绫小路悟在酒馆后院躺了足足半个月。
这半个月里,他真的就只是“躺着”。
那块歪歪扭扭写着“义诊”的木牌,已经蒙上了一层肉眼可见的灰尘,像一块被人遗忘的墓碑。没有一个“病人”敢踏足这片后院。
润林安的居民,对他的态度已经完成了从最初的“警惕”与“嘲讽”,到如今彻底的“无视”。
一个来自瀞灵廷的疯子死神。
这是他们给他的最终定义。
一个大概是受了什么天大刺激,跑到这穷山恶水之地搞什么“行为艺术”的可怜虫。
绫小路悟对这一切,甘之如饴。
他每天的工作就是晒晒太阳,听听小曲儿——前院酒馆里传来的喧嚣、咒骂与吹牛,就是最接地气的背景音乐。

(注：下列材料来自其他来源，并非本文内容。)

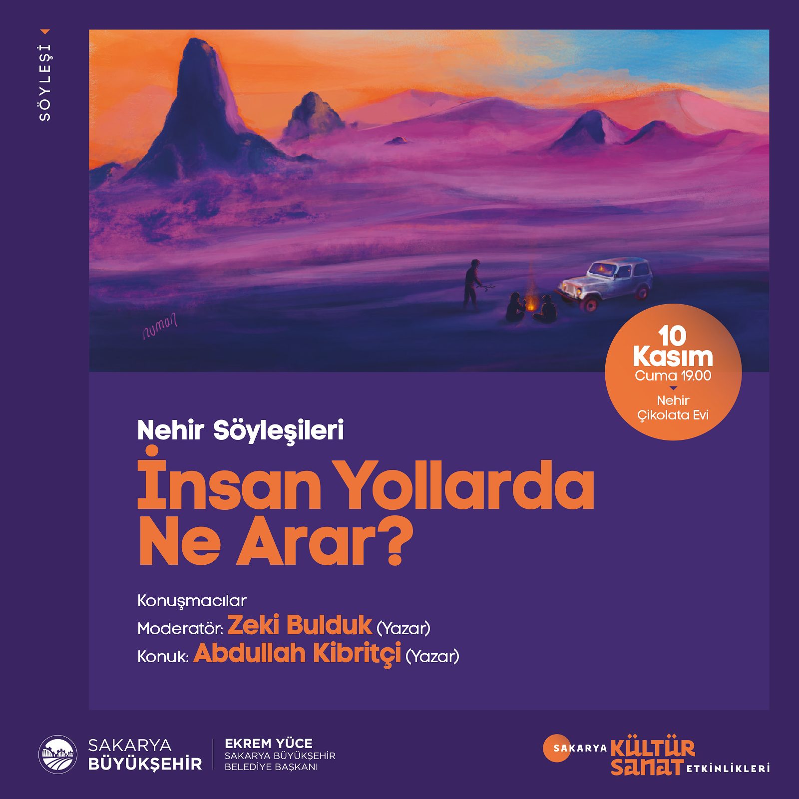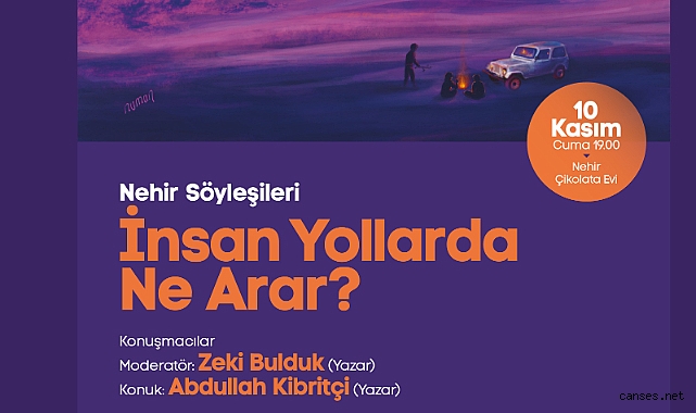 Sakarya Büyükşehir Belediyesi Kasım kültür sanat etkinlikleri ‘İnsan Yollarda Ne Arar?’ isimli söyleşi programı ile devam edecek. Nehir Söyleşileri kapsamında 10 Kasım Cuma günü Nehir Çikolata Evi’nde gerçekleştirilecek etkinliğin moderatörlüğünü Yazar Zeki Bulduk üstlenecek. Konuşmacı olarak Yazar Abdullah Kibritçi’nin katılacağı etkinlik saat 19.00’da başlayacak. Kültür ve Sosyal İşler Dairesi Başkanlığı’ndan yapılan açıklamada, “Kasım kültür sanat etkinliklerimiz kapsamında düzenleyeceğimiz ‘İnsan Yollarda Ne Arar?’ isimli söyleşiye tüm kültür sanat dostları davetlidir” denildi.

他的感官无限延伸,“观摩”着流魂街每一个灵魂的挣扎与沉浮,感觉自己的“悟性”都快要被这海量的“素材”喂饱了。
这种“带薪摸鱼”的神仙日子,简直不要太爽。
然而,他很清楚。
这份清闲,不过是暴风雨来临前,海面上短暂的平静。
蓝染惣右介。
那个男人,绝不会轻易“放过”他。
他“逃”到流魂街,仅仅是这场棋局的第一步。蓝染那无孔不入的“试探”,绝对会接踵而至。
果然,这天,一个意想不到的“病人”,不请自来。
……
傍晚时分,残阳如血。
酒馆的生意进入了一天中最火爆的时刻,人声鼎沸,酒气熏天。
“红姐!红姐!出大事了!”
一个酒馆伙计,手脚并用地从前院冲进后院,脸上血色尽失,脚步踉跄。
“嚷嚷什么?天塌了?”
绫小路悟被这尖锐的叫声吵醒,极度不悦地睁开了眼睛,眼神里透着被打扰的慵懒与烦躁。
“不是……前院,前院来了个……吃霸王餐的!”伙计大口喘着粗气,几乎说不出一句完整的话。
“吃霸王餐?”
绫小路悟愣了一下,随即又百无聊赖地躺了回去,调整了一个更舒服的姿势。
“吃霸王餐你找红姐去,找我干什么?我又不负责‘超度’业务。”
“可,可那个人……他也是个死神啊!”伙计的声音带上了哭腔。
“他点了一大桌子菜,吃完抹抹嘴说没钱!红姐正发飙呢!可他好像……来头不小,红姐也不敢真的对他动手!”
“死神?”
绫小路悟的眼皮跳了一下,兴趣终于被勾了起来。
一个死神,跑到润林安这种地方来吃霸王餐?
这可真是几百年都难得一见的稀客。
他慢吞吞地从躺椅上晃晃悠悠地站起身,骨头发出一阵轻微的噼啪声,然后信步往前院走去。
人还没到,声音先至。
刚走到连接前院与后院的帘布处,一个熟悉得不能再熟悉的声音,就精准地钻进了他的耳朵。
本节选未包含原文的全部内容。